Automated smoking cessation interventions at pediatric primary care locations helped reduce parental smoking.



RT’s Three Key Takeaways:

  1. Automated support works — Embedding an automated smoking cessation program in pediatric primary care increased parents’ use of nicotine replacement therapy, quitlines, and text-based support while reducing daily cigarette use.
  2. Parental engagement is high — Nearly half of parents in the intervention group used nicotine replacement therapy, and over 80% attempted quitting, showing strong engagement when treatment is integrated into their child’s healthcare visits.
  3. Quit rates remain modest — While abstinence rates were low, researchers emphasize that combining automated interventions with broader FDA-approved treatments could further improve parental quit success and reduce child tobacco exposure.


Integrating an automated smoking cessation intervention for parents into pediatric primary care demonstrated increased treatment received and reduced cigarettes smoked, according to new data published in JAMA Network Open.

While additional interventions are needed to improve quit rates, the research from Children’s Hospital of Philadelphia (CHOP) and Mass General Brigham found that the benefits of pediatric primary care support in reducing parental smoking.

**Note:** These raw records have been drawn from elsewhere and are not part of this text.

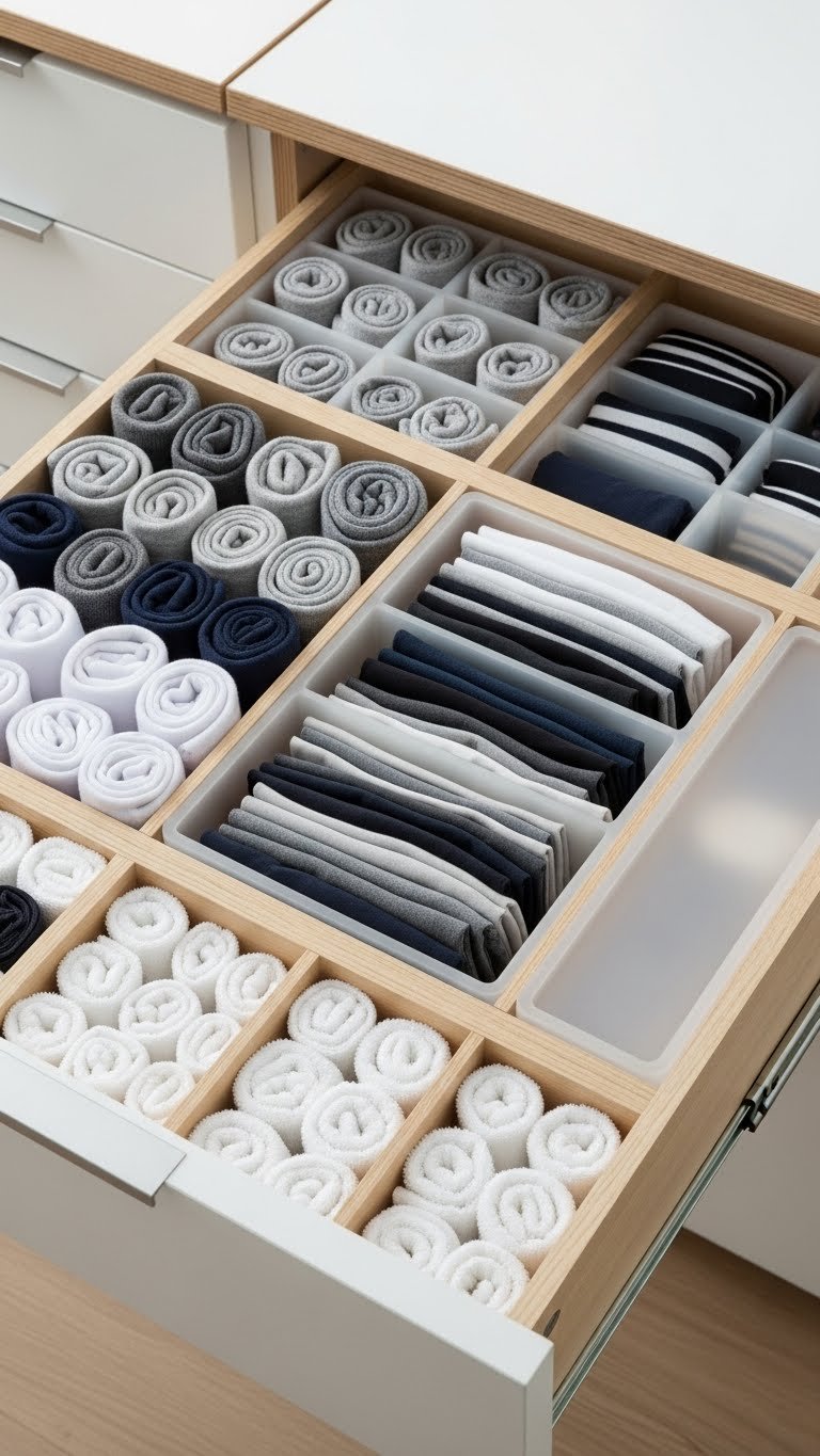 Wooden or plastic drawer dividers cost $15–$40 per set, and you can customize lengths. Installation takes 15 minutes (most are just wedged in place or stick on). Use one drawer for socks and small items, another for towels, another for delicates. Pro tip: Choose adjustable dividers so you can reconfigure as needs change.
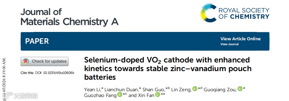 近日,来自桂林理工大学樊新教授与中南大学方国赵教授等人合作,在国际知名期刊Journal of Materials Chemistry A上发表了题为“Selenium-doped VO2 cathode with enhanced kinetics towards stable zinc-vanadium pouch batteries”的重要研究成果。
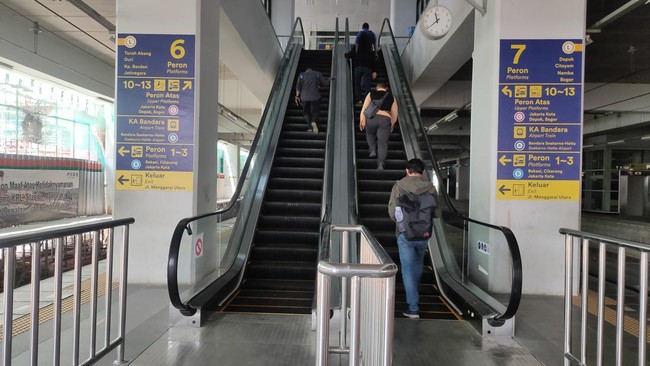 Selain itu, sempat terlihat penumpang berhenti di atas eskalator yang menuju peron 6-7 tersebut. Dia tampak melihat ke lantai eskalator memastikan apakah eskalator itu berfungsi atau tidak.

Prior studies have shown a variety of benefits for parents who quit smoking, including elimination of future tobacco-related poor pregnancy outcomes, reducing the likelihood of their children becoming smokers and decreasing childhood exposure to tobacco smoke, as well as less risk of developmental delays and increased financial resources. While some parents who smoke may not have their own primary care health physician, they will seek primary care for their children multiple times a year. 

To take advantage of when and where parents interact with the healthcare system, the Clinical Effort Against Secondhand Smoke Exposure (CEASE) intervention was developed prior to this study to address parental smoking by providing routine access to cessation resources. However, this approach has not been used broadly, in part because of difficulties in scaling the intervention in busy primary care settings. To address this gap in knowledge, this study aimed to automate adult smoking cessation support in pediatric primary care using the electronic health care records to consistently screen parents and connect them to treatment.

In this cluster-randomized clinical trial, 817 parents who smoke were enrolled across 12 pediatric primary care practices in the Philadelphia area between July 2021 and August 2023. Household members completed questionnaires about tobacco use before their child’s visit, and parents in intervention practices were proactively offered automated home delivery of nicotine replacement therapy and enrollment in a quitline and/or SmokefreeTXT, a text messaging program to help people quit smoking. They were also offered health navigator support at the time of enrollment.

Among parents who completed the follow up, 48.2% of participants reported using nicotine replacement therapy compared with 16% in the control arm, and 22.8% of the intervention arm utilized a quitline or SmokefreeTXT compared with only 2.2% in the control arm. Just over 80% of parents in the intervention group had attempted to quit in the last three months compared with just over 70% in the control group with intervention practices leading to a greater reduction in the average number of cigarettes smoked daily as well as the percentage of daily smokers. However, the 7-day biochemically confirmed abstinence rate was only 8.3% in the intervention arm of the study compared with 6.4% in the control arm.

“The significantly increased treatment engagement and reductions in cigarette use are particularly encouraging and suggest that additional strategies, integrated with automated intervention, may work even better to reduce smoking among parents,” said co-senior study author Alexander Fiks, MD, a pediatrician and the Director of Clinical Futures and the Possibilities Project: Innovation in Pediatric Primary Care at CHOP.

“We were surprised to see how effectively our approach identified parents who smoke and automatically engaged them in treatment,” said co-senior author Jonathan P. Winickoff, MD, MPH, a pediatrician and researcher in the Department of Pediatrics at Massachusetts General Hospital, a founding member of the Mass General Brigham healthcare system. “Now, any health system in the country can routinely help parents with tobacco use and will likely be able to improve the quit rates seen in this study by offering additional FDA-approved medications, not just the nicotine replacement therapies offered in this trial.”